### YOUR GOAL
For the data below, retype word for word the lines from the one containing "Майка-борцовка на подростка-девочку." through the one containing "Guardian Shield, Spire"; drop the pictures.

### SOURCE DATA

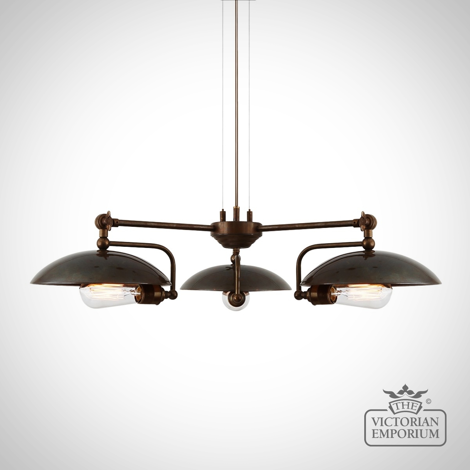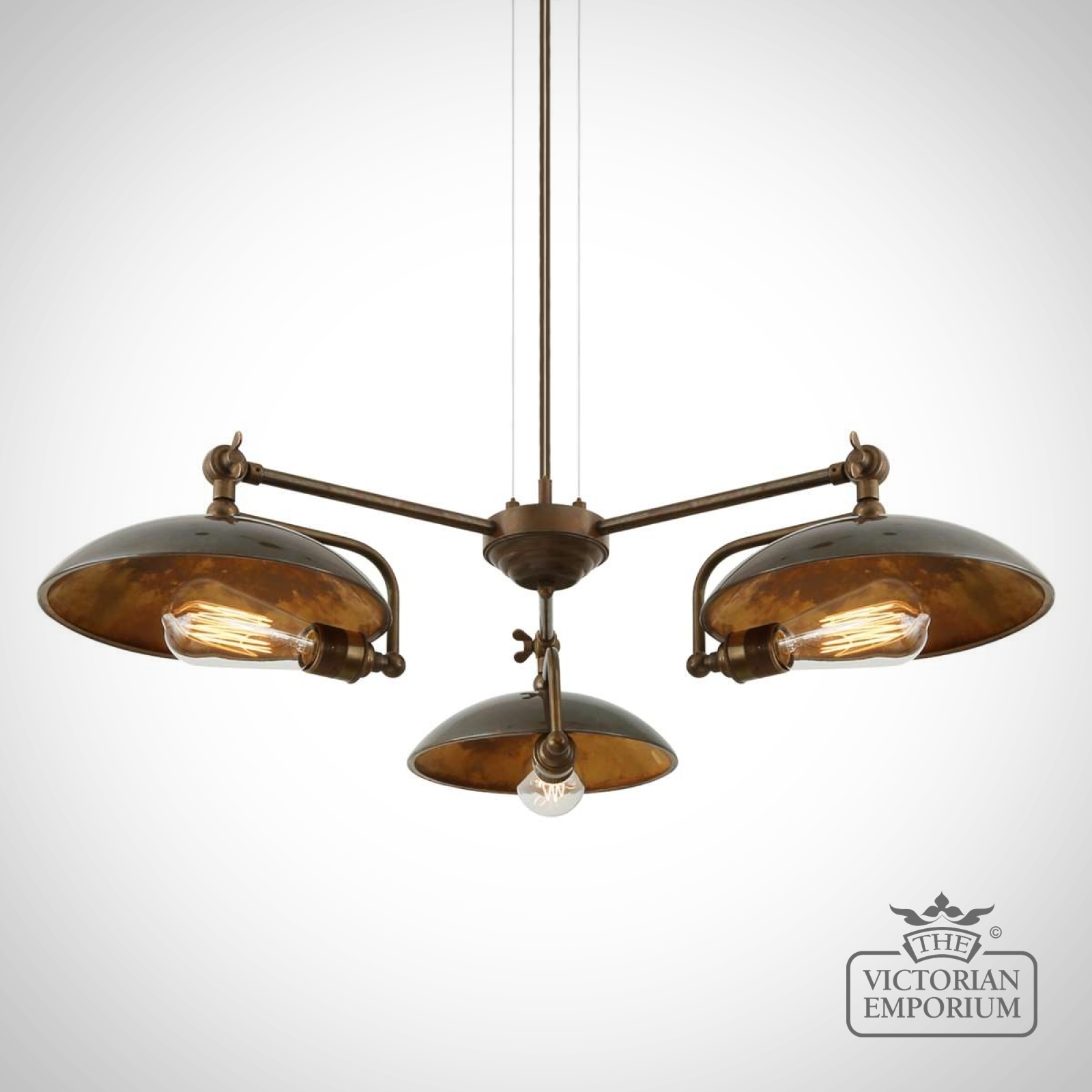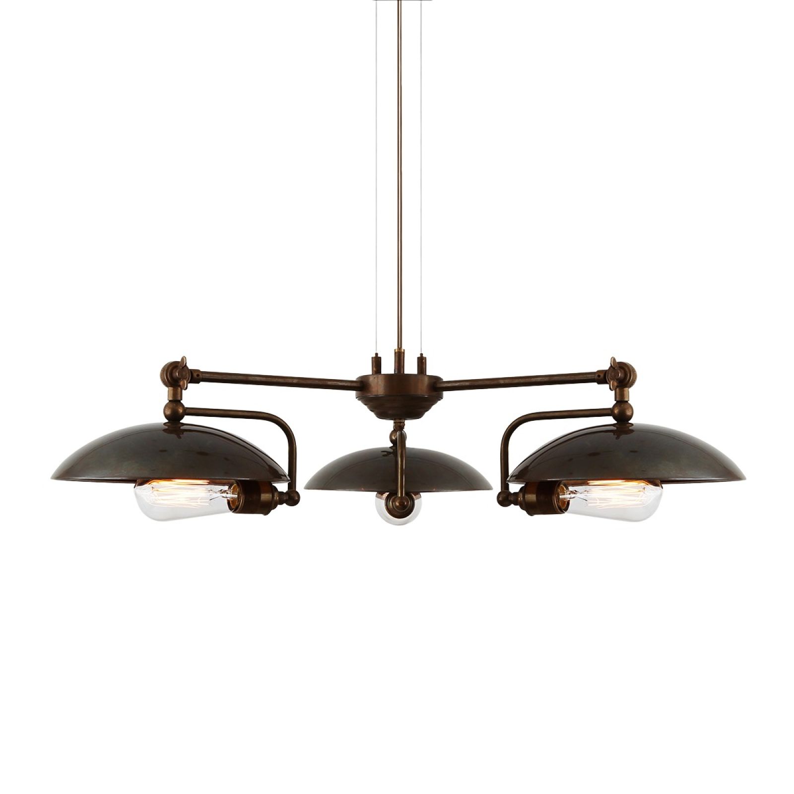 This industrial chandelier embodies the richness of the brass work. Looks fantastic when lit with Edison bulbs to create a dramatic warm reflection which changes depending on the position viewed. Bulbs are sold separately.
--
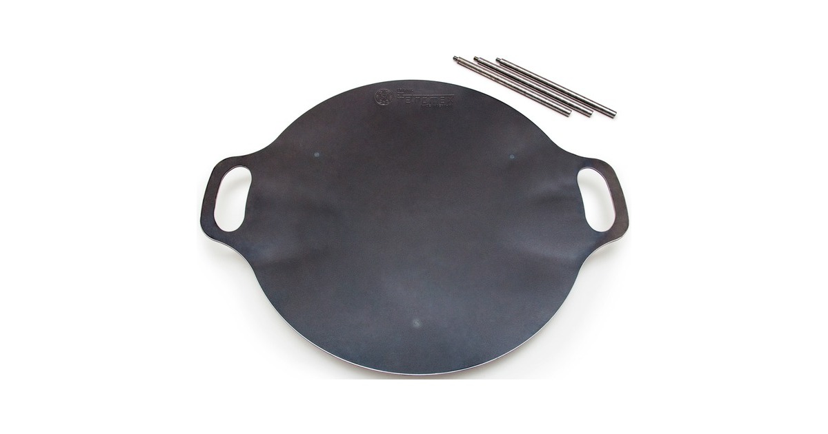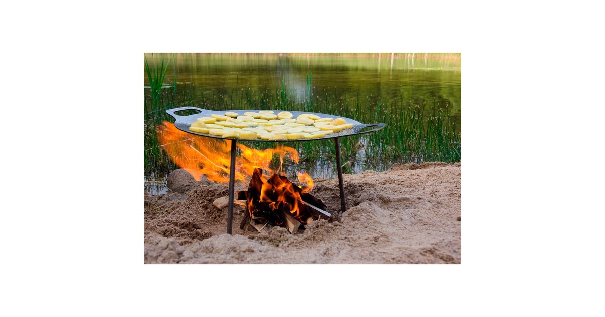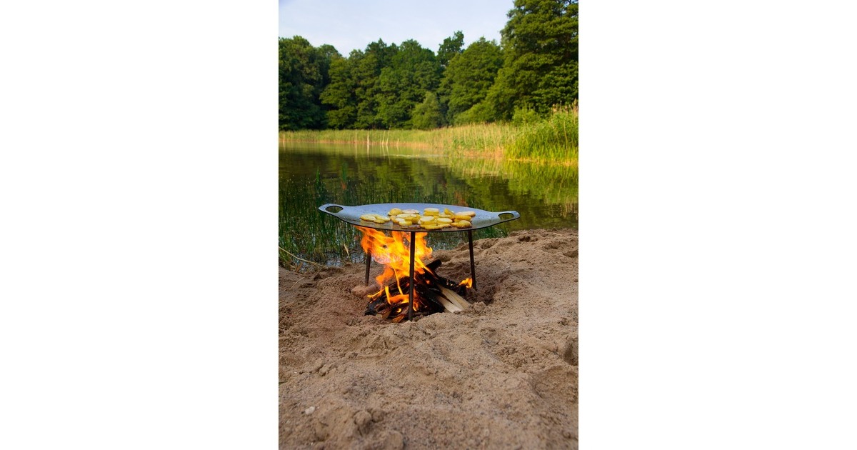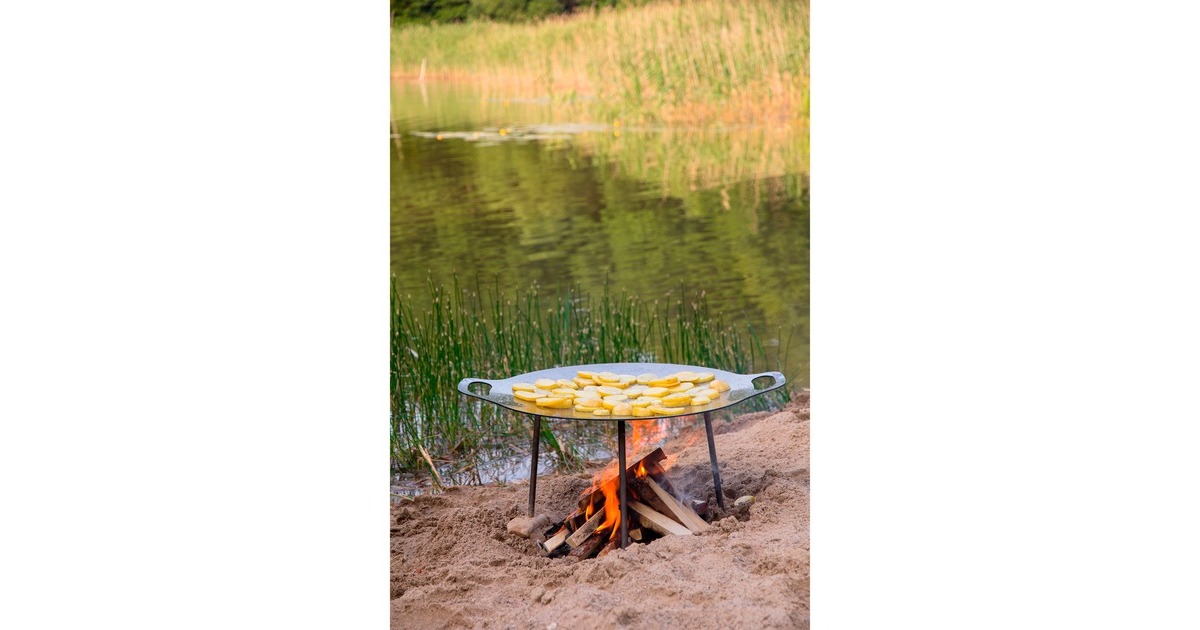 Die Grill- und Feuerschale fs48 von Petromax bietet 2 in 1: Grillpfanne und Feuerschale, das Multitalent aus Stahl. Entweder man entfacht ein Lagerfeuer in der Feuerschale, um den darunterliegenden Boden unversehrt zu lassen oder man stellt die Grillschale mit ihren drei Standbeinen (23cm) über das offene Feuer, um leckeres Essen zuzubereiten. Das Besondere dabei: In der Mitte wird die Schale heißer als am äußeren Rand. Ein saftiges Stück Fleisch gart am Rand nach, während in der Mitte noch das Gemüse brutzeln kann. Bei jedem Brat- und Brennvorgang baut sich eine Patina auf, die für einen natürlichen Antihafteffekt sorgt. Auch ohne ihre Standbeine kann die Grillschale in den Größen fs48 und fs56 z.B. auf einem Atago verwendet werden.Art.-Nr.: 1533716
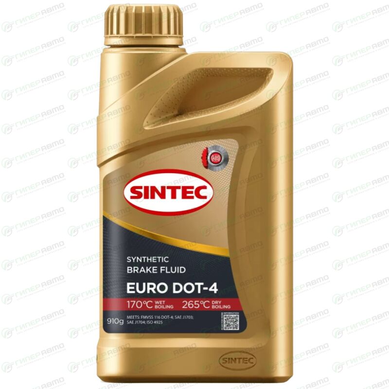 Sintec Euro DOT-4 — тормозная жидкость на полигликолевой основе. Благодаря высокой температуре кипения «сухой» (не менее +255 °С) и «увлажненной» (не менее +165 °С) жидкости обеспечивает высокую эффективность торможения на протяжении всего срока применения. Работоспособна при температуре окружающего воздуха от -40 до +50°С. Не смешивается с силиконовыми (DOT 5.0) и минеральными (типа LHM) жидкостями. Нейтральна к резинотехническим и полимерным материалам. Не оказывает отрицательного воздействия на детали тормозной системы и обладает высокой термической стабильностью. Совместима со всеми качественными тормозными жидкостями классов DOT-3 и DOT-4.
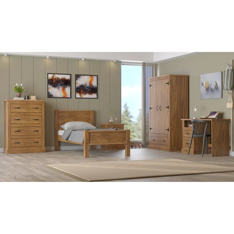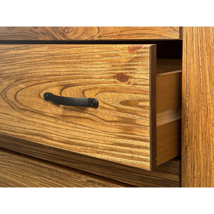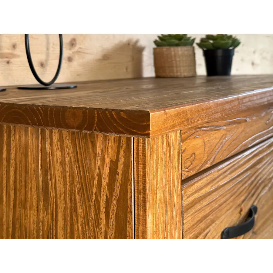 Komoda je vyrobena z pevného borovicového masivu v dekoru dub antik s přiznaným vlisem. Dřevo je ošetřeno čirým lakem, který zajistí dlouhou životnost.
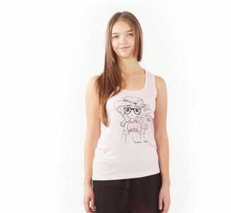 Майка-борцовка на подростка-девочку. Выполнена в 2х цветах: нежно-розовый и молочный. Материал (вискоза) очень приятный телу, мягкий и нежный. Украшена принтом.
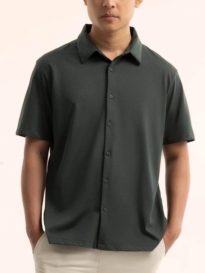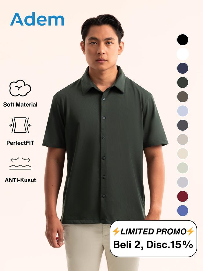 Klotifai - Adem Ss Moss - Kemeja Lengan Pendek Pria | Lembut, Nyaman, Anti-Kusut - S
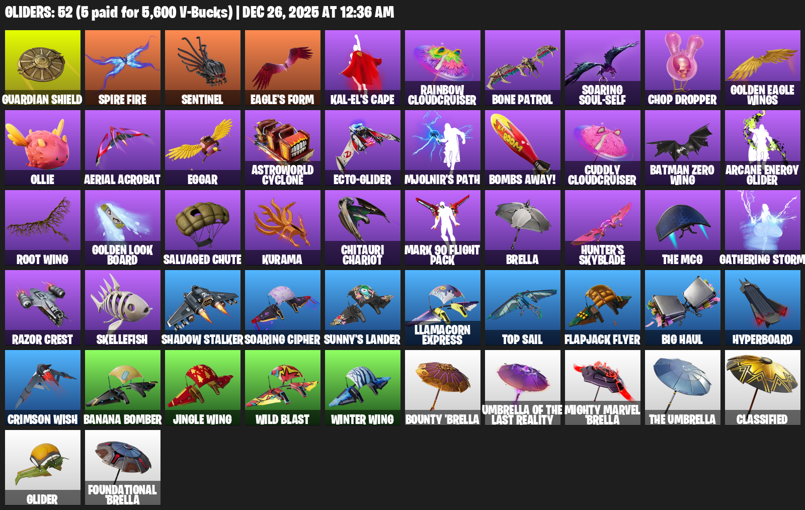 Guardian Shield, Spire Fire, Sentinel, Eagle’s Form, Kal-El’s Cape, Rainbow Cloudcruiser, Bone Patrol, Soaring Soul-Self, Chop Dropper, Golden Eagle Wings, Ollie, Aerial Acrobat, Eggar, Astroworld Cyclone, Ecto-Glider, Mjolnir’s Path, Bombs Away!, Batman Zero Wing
...
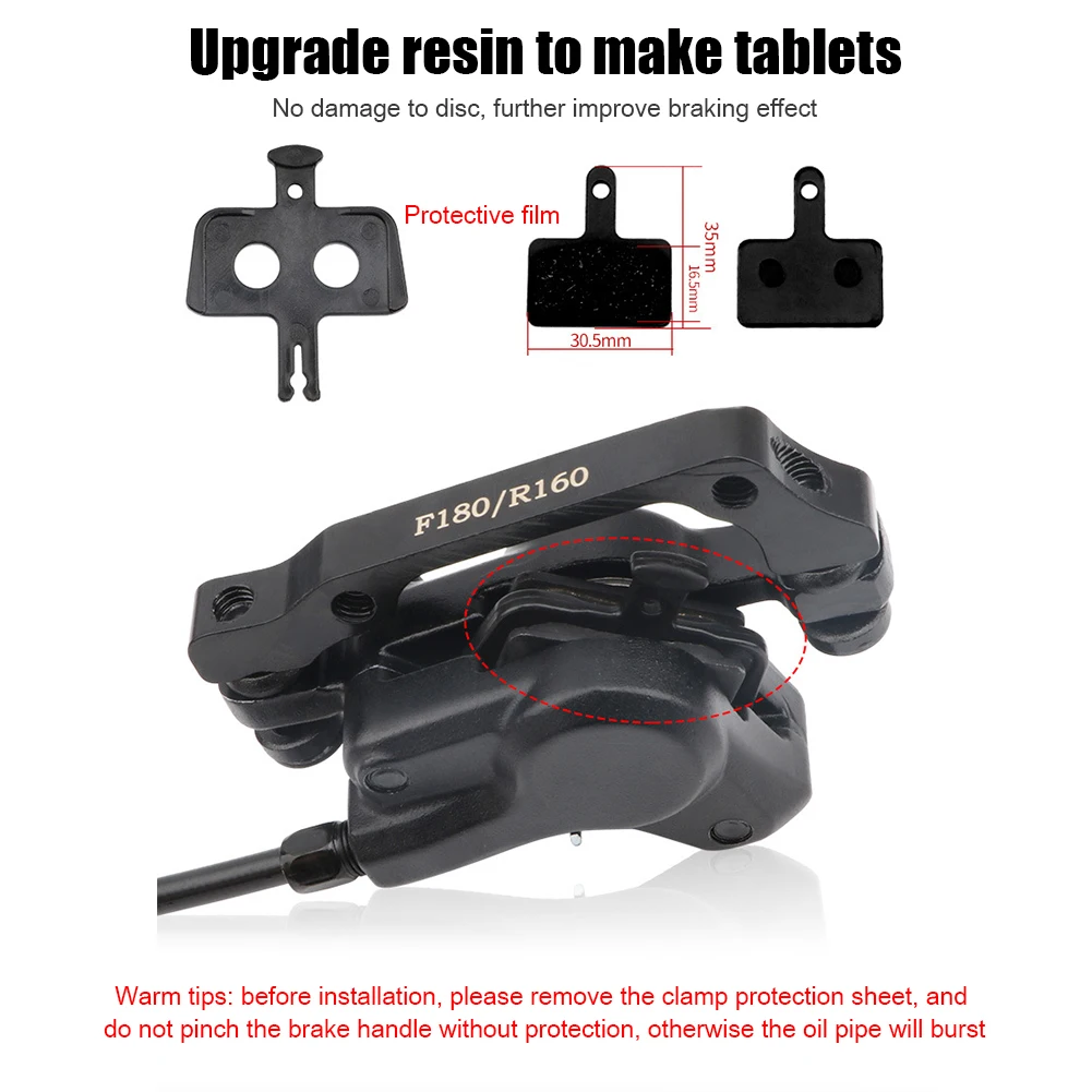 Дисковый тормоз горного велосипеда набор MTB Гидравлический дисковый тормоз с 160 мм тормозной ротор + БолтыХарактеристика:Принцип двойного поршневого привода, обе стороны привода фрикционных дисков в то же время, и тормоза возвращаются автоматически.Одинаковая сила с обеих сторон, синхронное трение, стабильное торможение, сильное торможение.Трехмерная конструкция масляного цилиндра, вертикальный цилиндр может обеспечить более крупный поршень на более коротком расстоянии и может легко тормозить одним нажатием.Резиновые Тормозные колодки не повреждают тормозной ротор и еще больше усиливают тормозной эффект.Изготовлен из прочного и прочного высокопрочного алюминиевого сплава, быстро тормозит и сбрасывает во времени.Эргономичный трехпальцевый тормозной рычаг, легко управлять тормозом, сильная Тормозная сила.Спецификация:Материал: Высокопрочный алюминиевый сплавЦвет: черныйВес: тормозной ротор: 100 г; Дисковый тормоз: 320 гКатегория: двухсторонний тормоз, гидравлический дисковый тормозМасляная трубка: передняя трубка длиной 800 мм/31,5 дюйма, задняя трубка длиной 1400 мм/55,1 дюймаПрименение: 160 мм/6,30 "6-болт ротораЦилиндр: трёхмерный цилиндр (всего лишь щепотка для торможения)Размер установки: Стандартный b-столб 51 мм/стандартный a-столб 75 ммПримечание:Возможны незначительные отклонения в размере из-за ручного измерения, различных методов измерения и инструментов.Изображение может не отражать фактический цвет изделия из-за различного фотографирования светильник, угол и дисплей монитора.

### THE ANSWER
 Майка-борцовка на подростка-девочку. Выполнена в 2х цветах: нежно-розовый и молочный. Материал (вискоза) очень приятный телу, мягкий и нежный. Украшена принтом.
 Klotifai - Adem Ss Moss - Kemeja Lengan Pendek Pria | Lembut, Nyaman, Anti-Kusut - S
 Guardian Shield, Spire Fire, Sentinel, Eagle’s Form, Kal-El’s Cape, Rainbow Cloudcruiser, Bone Patrol, Soaring Soul-Self, Chop Dropper, Golden Eagle Wings, Ollie, Aerial Acrobat, Eggar, Astroworld Cyclone, Ecto-Glider, Mjolnir’s Path, Bombs Away!, Batman Zero Wing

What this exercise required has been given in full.